Allowing choreographers to edit dances that they didn't upload would be excellent. Someone copied down your dance wrong or you want to add teaching notes or a preamble? Being able to fix that yourself would reduce friction. Just being able to flag a dance for admin review would be a nice feature. You'd probably need to have a choreographer verification system for this, though, which adds admin work.

To a similar end, allowing a choreographer or an uploader at the very least to mark a dance as a work in progress, at least to let people know that the final choreography is subject to change would be good.

dcmorse commented 6 years ago

Those are good points and will make their way into the issue pile. Many already are in there, in some form.

dcmorse commented 6 years ago

What bothers me is that database is in the hands of a benevolent dictator. We're dependent on him being a nice guy in order to safeguard the work of dozens of people. What if he gets hit by a bus, and his heirs shut down the site? All the labor of dozens of people gets wiped away. That's breach of the values of contradb.

That data is a lot of work, and it needs to remain in the hands of the people who contributed it. It' s not fair that it's in my hands. Such are the moral perils of cloud computing.

dcmorse commented 6 years ago

Data Freedom Proposal

Choreographers and Users each can check a "Creative Commons" box on a dance. If both check it, then the dance is licensed under a Creative Commons license. Through UI, we zestily encourage users to check their side, and we gently ask choreographers to assess and sign off on their dances.

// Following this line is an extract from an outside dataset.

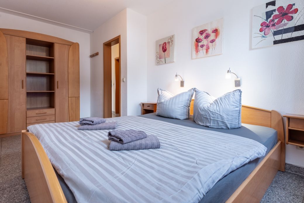 2 getrennte Schlafzimmer mit je einem Doppelbett (1,80 x 2,00 m, Marken Matratzen-Härtegrad 3, Verdunklungsvorhänge)
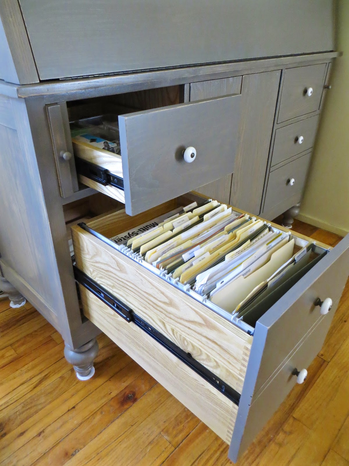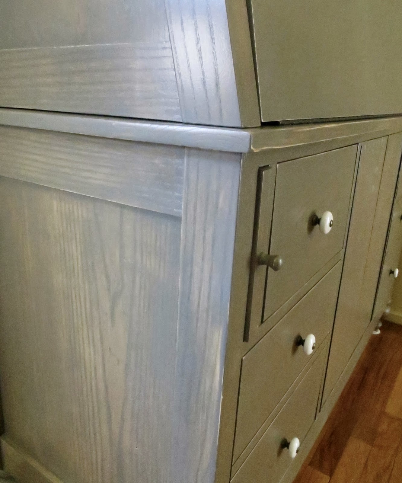 I had to wait a WHOLE rainy weekend before I could pull out my drawers and doors to stain and finish.

lynnjosse commented 6 years ago

How does the user's decision enter into it. .. wouldn't the dance the 'property' of the choreographer?

dcmorse commented 6 years ago

Oh, great question!

[colorful rant inserted for entertainment value, facts not verified]: We're so used to having sticky copyright questions the founding fathers could never have anticipated. Can't you imagine George Washington's head exploding at the thought of who held the copyright to inputs to a player piano? Well rest easy, because George Washington danced contra! The founding fathers were on it.

Zack Brown, dance choreography/FOSS expert writes:

Well, it's true that you can't copyright choreography in the abstract, but you can copyright a written (or video) description of a choreography. The difference is that choreography is just an idea, whereas the written description is a tangible object.

So, the data can be copyrighted as data and released under any license you please.

So technically I don't think we'd have to get the choreographer's consent to publish, but I think this falls under the "don't squander goodwill, don't be jerks just because you can" clause of ethics.

cranhandler commented 6 years ago

One portion of this, 'how do we handle a user's data if it has an error, has now been fixed with https://github.com/contradb/contra/issues/364 (ask users how they would like us to handle errors in their data upon account creation).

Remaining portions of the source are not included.